#### Instructions for the task
Only the lines from the start of the entries through the line with "Готовая домашняя работа" should be returned, each exactly as it stands, and no pictures.
*** Opening of Exercise materials ***
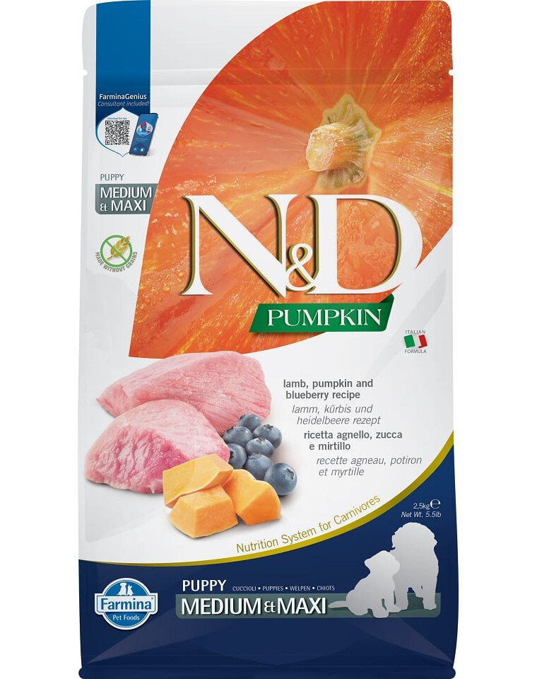 Kompletné krmivo pre šteniatka a gravidné alebo laktujúce sučky s jahňacinou, tekvicou a pridaním bobúľ. Je určené pre psov stredných a veľkých plemien.
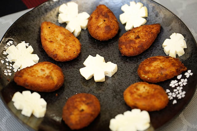প্রণালি: আলু ভর্তা করে নিয়ে, আলুর ভেতরে সেদ্ধ ডিম দিয়ে দিন। এবার পানপাতার আকার করে ডিমের সাদা অংশের মধ্যে ভিজিয়ে টোস্ট বিস্কুটের গুঁড়া লাগিয়ে ক্রাম্ব করে ডুবোতেলে ভাজতে হবে। চাইলে ঈদের আগের রাতে ডিপ ফ্রিজেও করে রেখে দিতে পারেন। দেশি পনির ফুলের মতো করে কেটে সাজিয়ে নিতে পারেন।
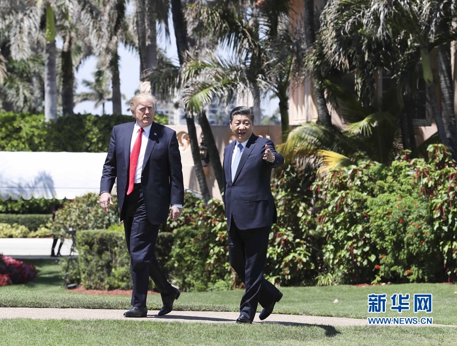 2017年4月7日,國家主席習(xí)近平在美國佛羅里達州海湖莊園同美國總統(tǒng)特朗普舉行中美元首第二場正式會晤。會晤后,習(xí)近平同特朗普到秀麗宜人的海湖莊園中散步,在輕松友好的氣氛中繼續(xù)就兩國友好合作進行討論。 新華社記者 蘭紅光 攝
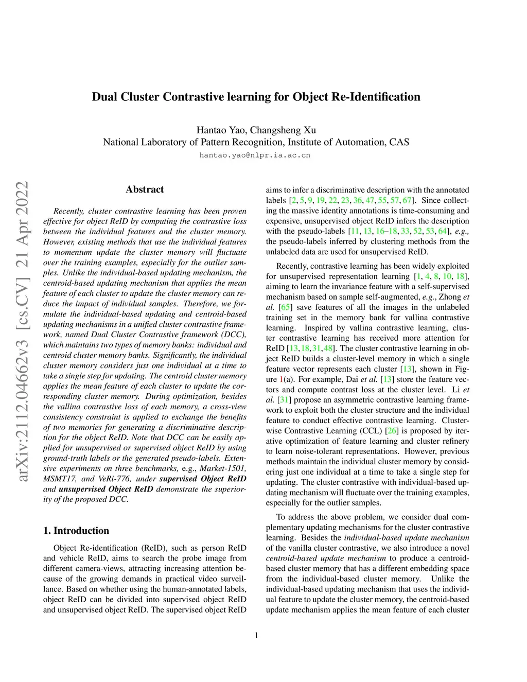 Dual Cluster Contrastive learning for Object Re-Identification
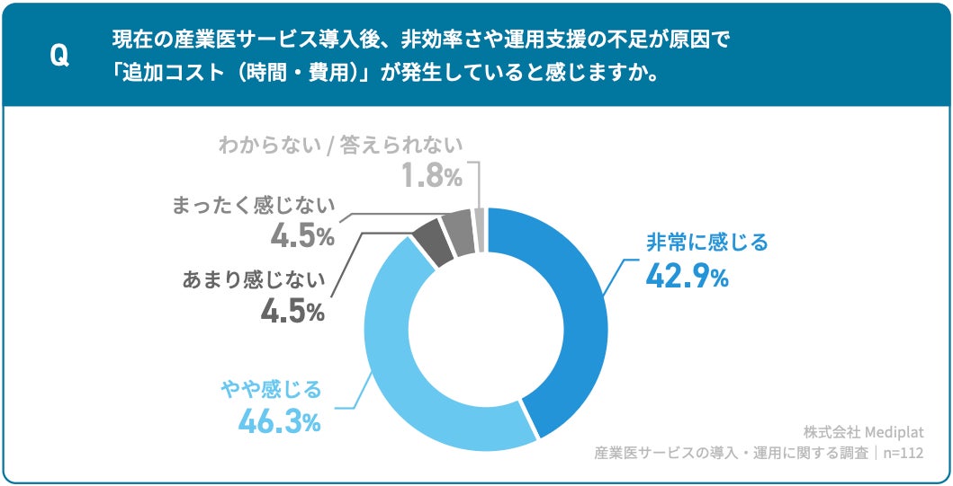 Q.現在の産業医サービス導入後、非効率さや運用支援の不足が原因で「追加コスト(時間・費用)」が発生していると感じますか。(n=112)
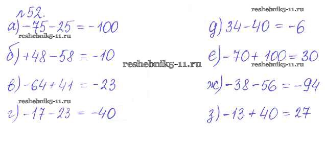 Готовая домашняя работа с ответами по Математике за 6 класс Гамбарин, Зубарева Сборник задач и упражнений Мнемозина 2011 ФГОС - Упражнения 52
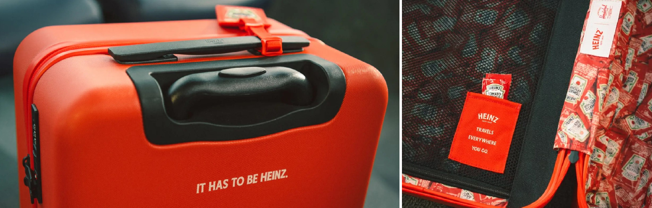 Производитель соусов Heinz объединился с канадской компанией Herschel Supply, производящей рюкзаки и аксессуары, для запуска лимитированной коллекции чемоданов. Проект «вдохновлен поклонниками, которые никогда не путешествуют без своего любимого соуса», сообщает Marketing-Interactive.
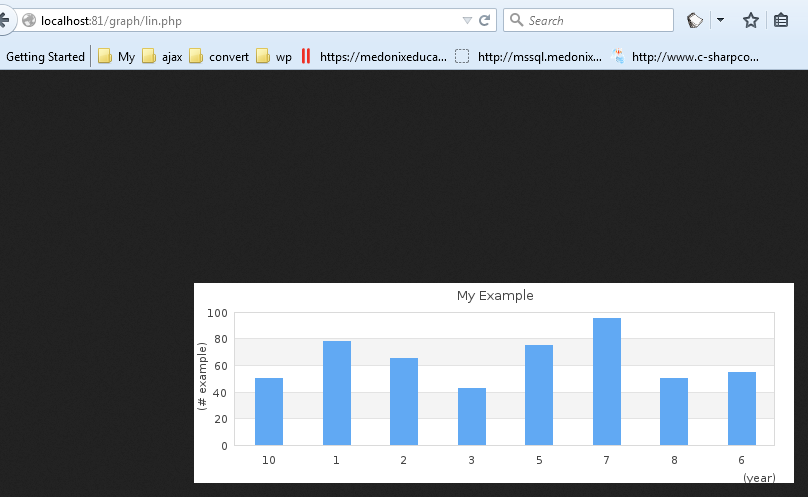 - $graph->xaxis->title->Set('(year)');
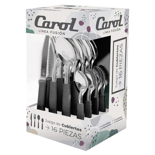 Dale un toque de elegancia y funcionalidad a tu mesa con el juego de cubiertos Carol modelo 410, compuesto por 16 piezas esenciales para el día a día. Su diseño moderno y ergonómico, junto con su presentación en caja, lo convierten en una excelente opción tanto para uso personal como para regalar.
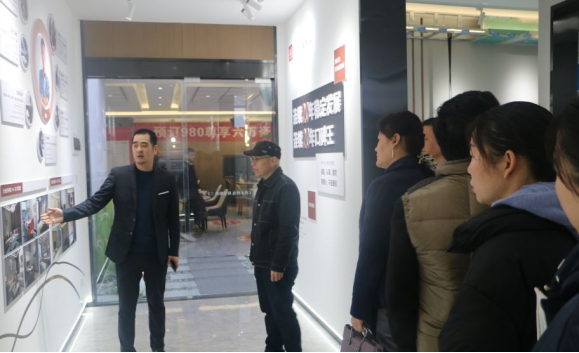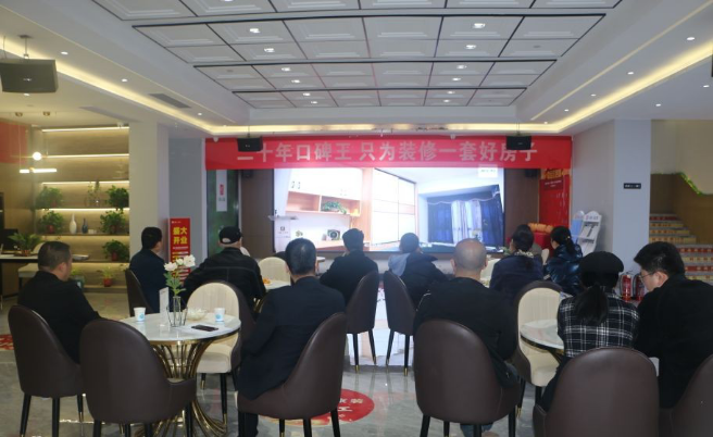 参观工艺间后,在一楼营销大厅大地大家装播放了公司宣传片,使考察团对公司的品牌影响力有了直观的认知。
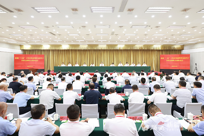天山网-新疆日报讯(记者王兴瑞报道)6月24日,新疆“三北”工程攻坚战暨塔克拉玛干沙漠边缘阻击战推进会在和田召开,深入践行习近平生态文明思想,学习贯彻习近平总书记关于防沙治沙的重要论述特别是在加强荒漠化综合防治和推进“三北”等重点生态工程建设座谈会上的重要讲话精神,总结成绩经验,部署重点工作,全力打赢“三北”工程攻坚战,巩固拓展塔克拉玛干沙漠边缘阻击战成果,坚决筑牢我国北方生态安全屏障。
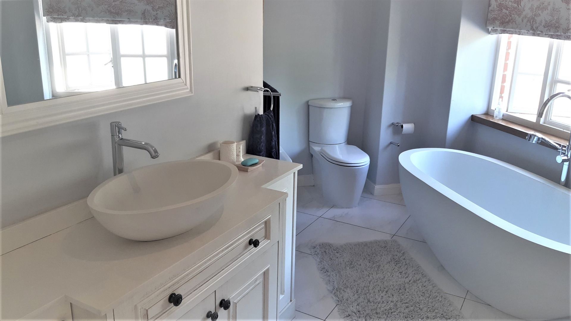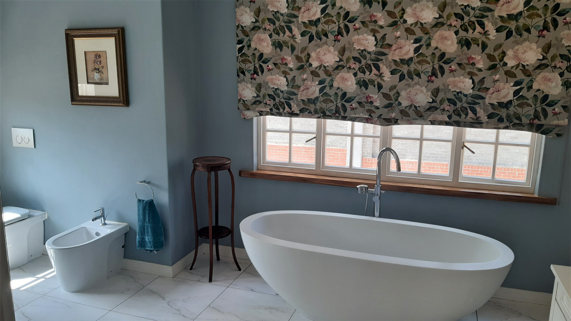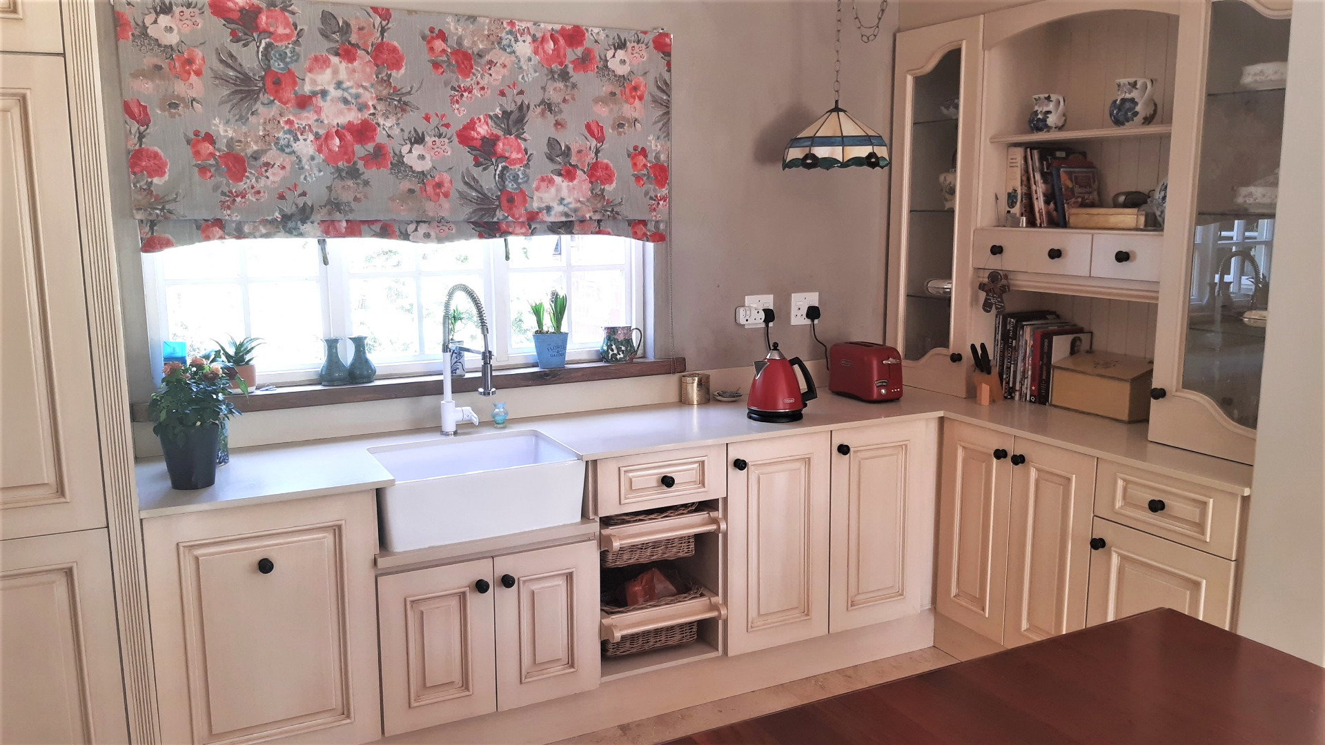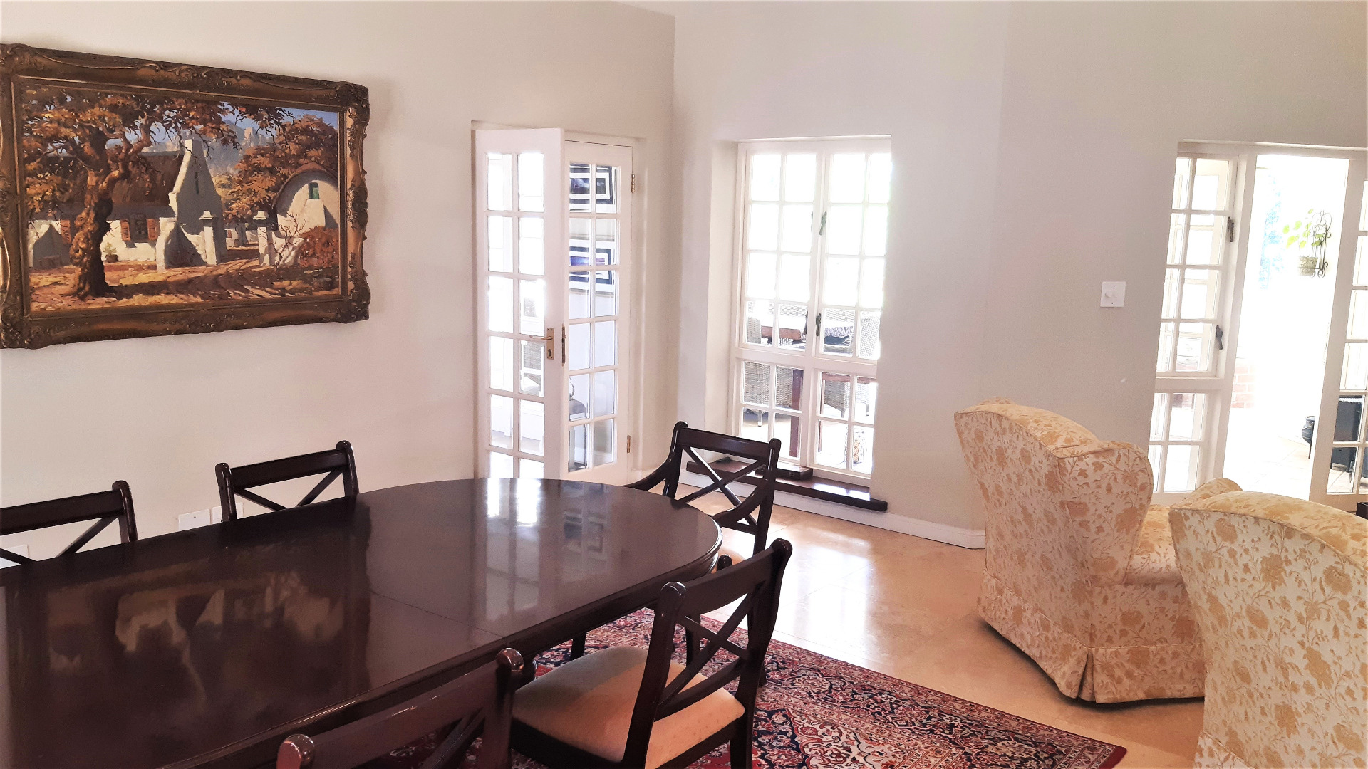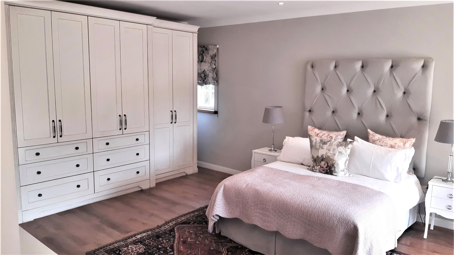 Country-style kitchen includes a large centre island, cooking range, full gas stove, integrated fridge / freezer, stone counter tops and ample work space. Separate scullery with a walk-in pantry cupboard, lockable storeroom, additional built-in cupboards for storage plus space for 2 under counter appliances.
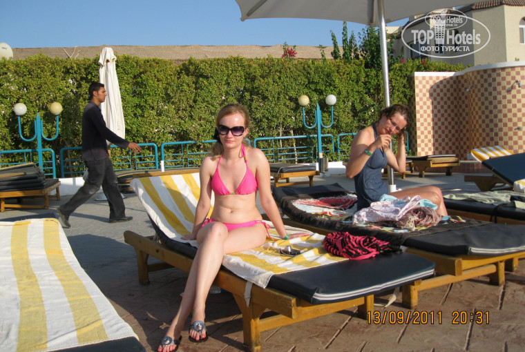 Я отдыхала в Египте первый раз и получилось очень удачно. Всё очень понравилось. Прилетели мы в 8 утра и нас без денег заселили (при обращении к администратору конечно). Поселили нас в дальнем корпусе. Номер отличный. Сразу встретили тёплые слова и приятные для женского самолюбия мужкие взгляды))) Ни разу за 10 дней нам ни кто не нагрубил, персонал вел себя достойно. Анимация в отеле мягко говоря никокая. Но дело не в аниматорах, а в пассивности отдыхающих. Почему то у нас был один аниматор Биоо, но он такой классный, молодчинка! Свою работу выполнял на отлично. Еда в ресторане всегда разнообразная и очень вкусная, повора стараются на славу. То что отель находится на горе и в город ведёт длинная лестница, ни сколько не портит впечатления. Лучше быть по-дальше от базароз и кафешек, так как ночью там шумно - город оживает))) Отель советую, мне очень понравился, хочу туда ещё. Алиде - девушка ненадёжная и неприятная. При нас её заменила другая девушка, к сожалению не помню как её зовут, она была более заинтересованной в своей работе. Да и зачем полагаться на чужих людей?... нужно самому быть на чеку и быть готовым к любым ситуациям, по крайней мере иметь при себе набор лекарств из дома, поверьте, лишним ничего не будет. Желаю приятного отдыха всем и кучу позитивных эмоций)))
*** Close of Exercise materials ***
#### Written response
 Kompletné krmivo pre šteniatka a gravidné alebo laktujúce sučky s jahňacinou, tekvicou a pridaním bobúľ. Je určené pre psov stredných a veľkých plemien.
প্রণালি: আলু ভর্তা করে নিয়ে, আলুর ভেতরে সেদ্ধ ডিম দিয়ে দিন। এবার পানপাতার আকার করে ডিমের সাদা অংশের মধ্যে ভিজিয়ে টোস্ট বিস্কুটের গুঁড়া লাগিয়ে ক্রাম্ব করে ডুবোতেলে ভাজতে হবে। চাইলে ঈদের আগের রাতে ডিপ ফ্রিজেও করে রেখে দিতে পারেন। দেশি পনির ফুলের মতো করে কেটে সাজিয়ে নিতে পারেন।
 2017年4月7日,國家主席習(xí)近平在美國佛羅里達州海湖莊園同美國總統(tǒng)特朗普舉行中美元首第二場正式會晤。會晤后,習(xí)近平同特朗普到秀麗宜人的海湖莊園中散步,在輕松友好的氣氛中繼續(xù)就兩國友好合作進行討論。 新華社記者 蘭紅光 攝
 Dual Cluster Contrastive learning for Object Re-Identification
 Q.現在の産業医サービス導入後、非効率さや運用支援の不足が原因で「追加コスト(時間・費用)」が発生していると感じますか。(n=112)
 Готовая домашняя работа с ответами по Математике за 6 класс Гамбарин, Зубарева Сборник задач и упражнений Мнемозина 2011 ФГОС - Упражнения 52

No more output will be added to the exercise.